2015-06-15 Thread Therneau, Terry M., Ph.D.

Frank,
  I don't think there is any way to fix your problem except the way that I 
did it.

library(survival)
tdata - data.frame(y=c(1,3,3,5, 5,7, 7,9, 9,13),
x1=factor(letters[c(1,1,1,1,1,2,2,2,2,2)]),
x2= c(1,2,1,2,1,2,1,2,1,2))

fit1 - lm( y ~ x1 * strata(x2) - strata(x2), tdata)
coef(fit1)
   (Intercept)x1b x1a:strata(x2)x2=2 x1b:strata(x2)x2=2
  3.00   5.00   1.00   1.67

Your code is calling model.matrix with the same model frame and terms structure as the lm 
call above (I checked).  In your case you know that the underlying model has 2 intercepts 
(strata), one for the group with x2=1 and another for the group with x2=2, but how is the 
model.matrix routine supposed to guess that?  It can't, so model.matrix returns the proper 
result for the lm call.  As seen above the result is not singular, while for the Cox model 
it is singular due to the extra intercept.

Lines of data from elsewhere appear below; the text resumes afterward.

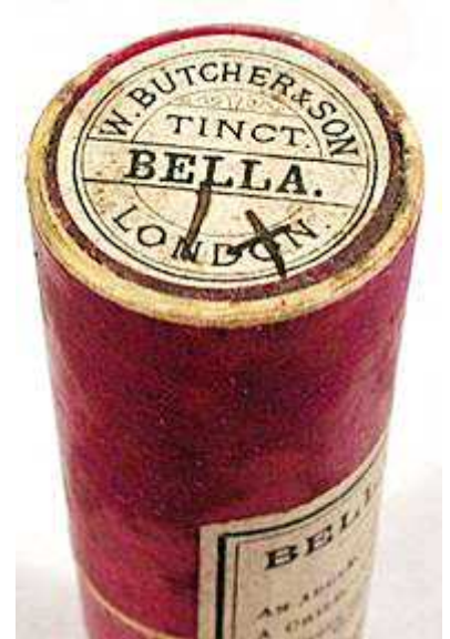
Oud homeopathisch middel bereid uit wolfskers.
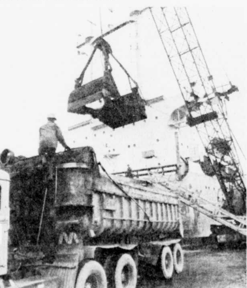
L'arrivage du cuivre chilien au port de Mont-Louis, sur la rive nord de la Gaspésie, constitue un apport important pour le maintien des travaux à l'usine de smeltage de Murdochville.
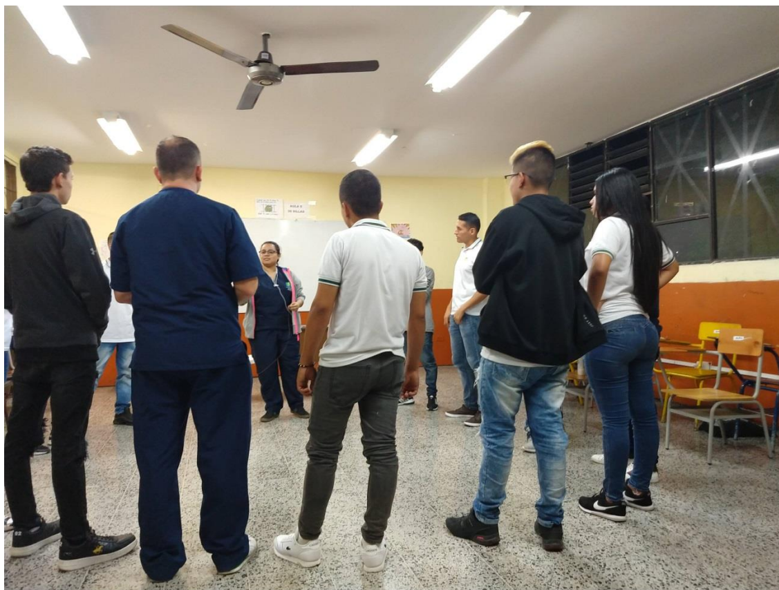
Anexo 3. Proyecto de vida, grados sexto y séptimo 25/09/2019

This is simply an extension of leaving the intercept term in the model and then removing 
that column from the returned X matrix, which is necessary to have the correct coding for 
ordinary factor variables, something we've both done since day 1.  In order for 
model.matrix to do the right thing with interactions, it has to know how many intercepts 
there actually are.


I've come to the conclusion that the entire thrust of 'contrasts' in S was wrong headed, 
i.e., the remove redundant columns from the X matrix ahead of time logic.  It is simply 
not possible for the model.matrix routine to guess correctly for all y and x combinations, 
something that been acknowledged in R by changing the default for singular.ok to TRUE. 
Dealing with this after the fact via a good contrast function (a la SAS -- heresy!) would 
have been a much better design choice.  But as long as I'm in R the coxph routine tries to 
be a good citizen.


Terry T.

__
R-help@r-project.org mailing list -- To UNSUBSCRIBE and more, see
https://stat.ethz.ch/mailman/listinfo/r-help
PLEASE do read the posting guide http://www.R-project.org/posting-guide.html
and provide commented, minimal, self-contained, reproducible code.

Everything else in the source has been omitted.